What exactly are people doing when they meditate?

You have probably seen someone meditating. Perhaps in real life or in a movie. And you have probably wondered to yourself…well I can see them sitting/lying/standing there, but what exactly are they doing?

That is a good question.

In a recent podcast interview Tim Ferris speaking to his own experiences with meditation said: “well I think there are benefits to meditating….but I think most people are thinking about bullshit with their eyes closed.”

Perhaps that is a little on the cynical side (perhaps not)….so what are people doing when they meditate?
Turns out a lot…. a lot of different things.

In a paper titled: What Do Meditators Do When They Meditate? Proposing a Novel Basis for Future Meditation Research, the what are they doing question was systematically interrogated.

The authors of this study examined a total of 309 meditation techniques through a literature search and interviews with 20 expert meditators across a diverse range of traditions. They came up with a list of 50 individual practice techniques. You can see this list here.

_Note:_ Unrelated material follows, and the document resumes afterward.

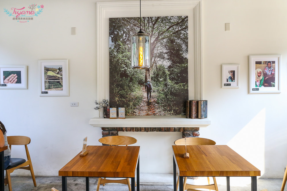純白搭原木厚實桌面,暖洋洋的陽光照射進來,溫暖有質感,從一幅幅非洲產區咖啡人文景色和咖啡豆製作照片裡,能感受到成真咖啡的溫度。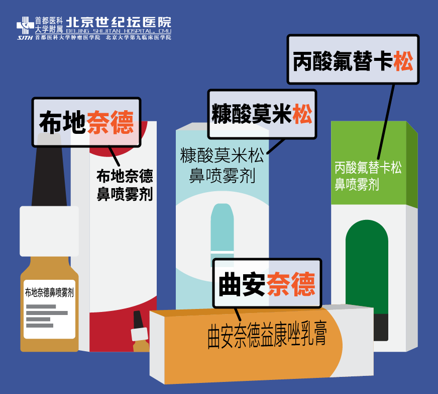 激素有很多种类,当看到药品的通用名叫“XX松”,“XX奈德”时,这就是激素。它有不同类型的药物剂型,口服的片剂、涂抹的膏剂、喷雾或吸入的液体剂、静脉注射的粉剂等,对于鼻炎,局部应用于鼻腔的喷雾型激素最为常用。

Then in a second study, they interviewed a group of 635 experienced meditators from a diverse range of meditative traditions and asked them how much experience they had with each of those techniques.

Finally they took that list and compiled it into a TOP 10 meditation techniques.
Here it is in order of commonality.

Scanning the entire body
Being mindful of the rise and fall of the abdomen while breathing
Observing how thoughts arise in the mind without adhering to them
Being mindful of the respiratory flow in the entire body
Perceiving, then releasing emotions and tensions (e.g., with the help of the breath), while scanning the body
Cultivating compassion, sympathetic joy, equanimity, loving kindness (for oneself, friends, neutral people, enemies, the whole world)
Observing how bodily sensations arise without adhering to them
Singing sutras/mantras
Lying down and going into a state of deep relaxation while being fully conscious
Being mindful of the sensations arising in the nose during inhalation and exhalation

One technique that seems to be fairly constant across the board is placing ones awareness on body-centred sensations such as the breath or the rise and fall of the chest.
This is known as interoception (the processing of internal bodily signals).

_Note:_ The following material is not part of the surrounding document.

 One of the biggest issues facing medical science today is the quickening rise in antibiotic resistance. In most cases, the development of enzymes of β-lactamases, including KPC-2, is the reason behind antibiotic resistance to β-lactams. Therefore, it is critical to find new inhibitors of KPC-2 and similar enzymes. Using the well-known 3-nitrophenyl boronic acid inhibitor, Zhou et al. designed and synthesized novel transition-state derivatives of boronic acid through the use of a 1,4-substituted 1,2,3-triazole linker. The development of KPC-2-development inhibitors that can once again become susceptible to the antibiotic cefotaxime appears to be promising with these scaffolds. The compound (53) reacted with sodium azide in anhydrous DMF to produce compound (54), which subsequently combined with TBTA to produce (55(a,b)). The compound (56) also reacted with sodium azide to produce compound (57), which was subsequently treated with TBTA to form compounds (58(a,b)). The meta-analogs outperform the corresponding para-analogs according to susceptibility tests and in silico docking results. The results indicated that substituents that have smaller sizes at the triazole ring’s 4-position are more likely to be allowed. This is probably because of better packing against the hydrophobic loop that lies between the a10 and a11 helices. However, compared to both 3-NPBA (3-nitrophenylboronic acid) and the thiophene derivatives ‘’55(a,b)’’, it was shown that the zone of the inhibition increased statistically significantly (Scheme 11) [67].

The authors posited that all meditation techniques share a somatic component and are inherently embodied. This might also apply to our selection of 52 meditation techniques. Many, if not all, meditation practices emphasize directing attention to interoceptive signals. Whether meditators visualize their heart opening like a rose blossom, focus on internal sounds and vibrations, or gaze at the wall and observe themselves doing nothing, the body remains a constant companion in all their endeavors. This may be less evident for techniques consisting of contemplating a spiritually important question or reading certain paragraphs of a text repeatedly. Nevertheless, even contemplation and reading are done with the intention to observe one’s internal reactions to the content of the text or the contemplative question. Thus, it might well be that all meditation techniques are embodied.


Reference: Matko, Karin et al. “What Do Meditators Do When They Meditate? Proposing a Novel Basis for Future Meditation Research.” Mindfulness 12 (2021): 1791-1811.